Açıkça ifade etmek gerekirse, Suriye ve Irak bağlamında yaşanan son gelişmeler ile birlikte, 28 Aralık 2017 tarihinde başlayan ve inişli-çıkışlı bir seyir izleyen protestolar çok daha farklı bir İran’a işaret ediyor ve bu sefer “Mollalar”ın işi daha zor gibi görünüyor.

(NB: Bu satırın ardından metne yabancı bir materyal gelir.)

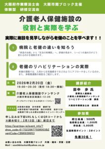 Newsお知らせ 2026.01.21 大阪市南ブロック 【2026年2月20日】大阪市南ブロック 体験型交流会介護老人保健施設の役割と実際を学ぶ PDF 参加費:府士会員500円他県士会員1000円非会員5500円 お申込みはこちら 一覧に戻る
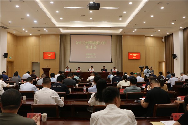 6月14日下午,市总工会召开全市户外劳动者服务站点(工会驿站)建设工作推进会。市人大常委会副主任、市总工会主席、联席会议第一召集人纪良才出席会议并讲话,市总工会党组书记、副主席刘荣发主持会议。市户外劳动者服务站点(工会驿站)建设工作联席会议成员单位负责人、共建单位分管领导,各县区工会主席、党组书记、分管主席和相关部室负责人,全市工会最美驿站负责人和明星站长等80余人参加会议。
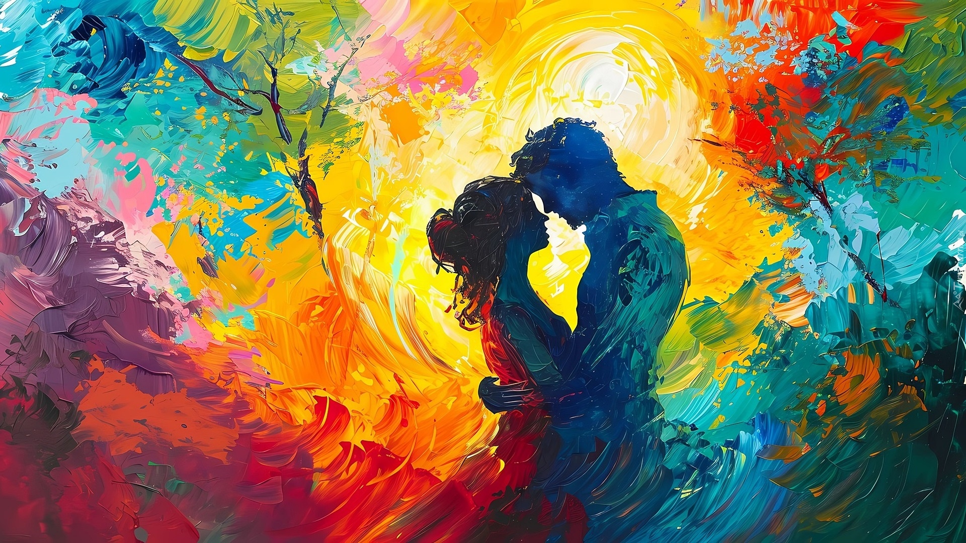 Edytor tapety: Przytulona para na kolorowym tle
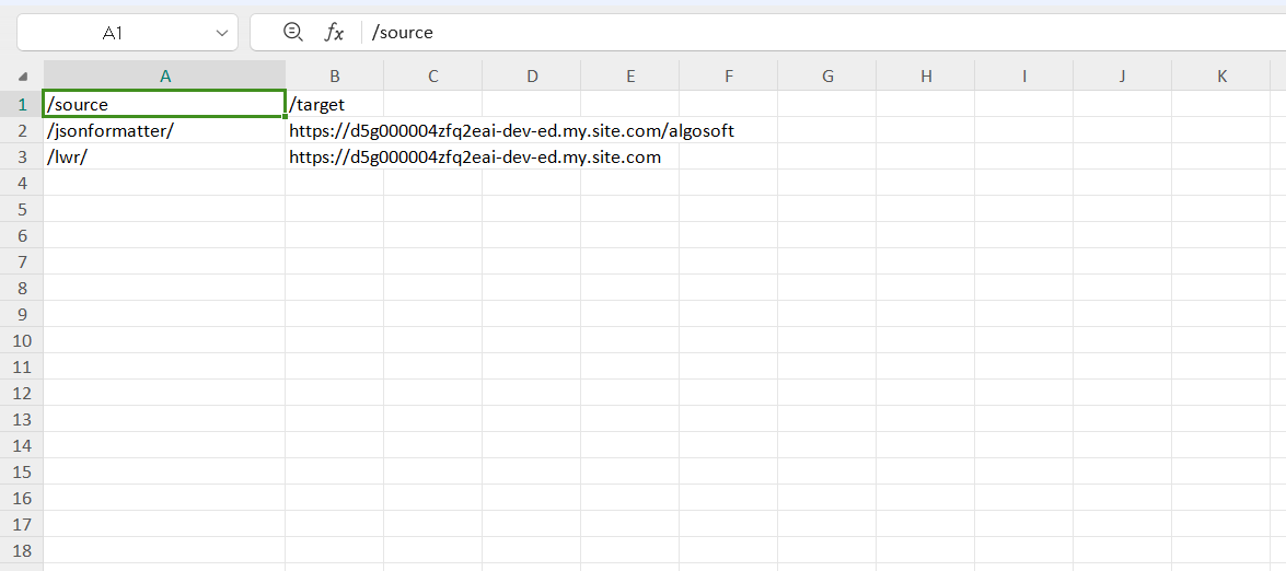5) Save the CSV file and Upload into the URL Redirect tab in Community.

Örneğin, “gençlerimizin kanının pahasına teröristleri yendik” açıklamasından birkaç saat önce İran Devrim Muhafızları, Irak sınırında bulunan Seyyidüş-Şüheda Hamza Karargâhı’nın sınır karakoluna ait bir cephanelikteki patlama ve Merivan’daki terör saldırısı sonucu 11 kayıp veriyor. Bunun dışında, Afganistan sınırında artan IŞİD/DEAŞ etkinlikleri de; “IŞİD’in kökünü kazıyıp bölge milletlerini kurtardık.” ifadesinin fazla iddialı olduğunu gösteriyor. Aksi takdirde, son dönemde IŞİD’e karşı ittifak arayışları bağlamında “İran Talibanı” türünden iddialar hiçbir şekilde gündeme gelmezdi…

Dolayısıyla İran’ın işi bu defa gerçekten zor! O zaman rejim kime ve neye güveniyor? Bu sorunun cevabını bir sonraki analizimde yanıtlamaya çalışacağım…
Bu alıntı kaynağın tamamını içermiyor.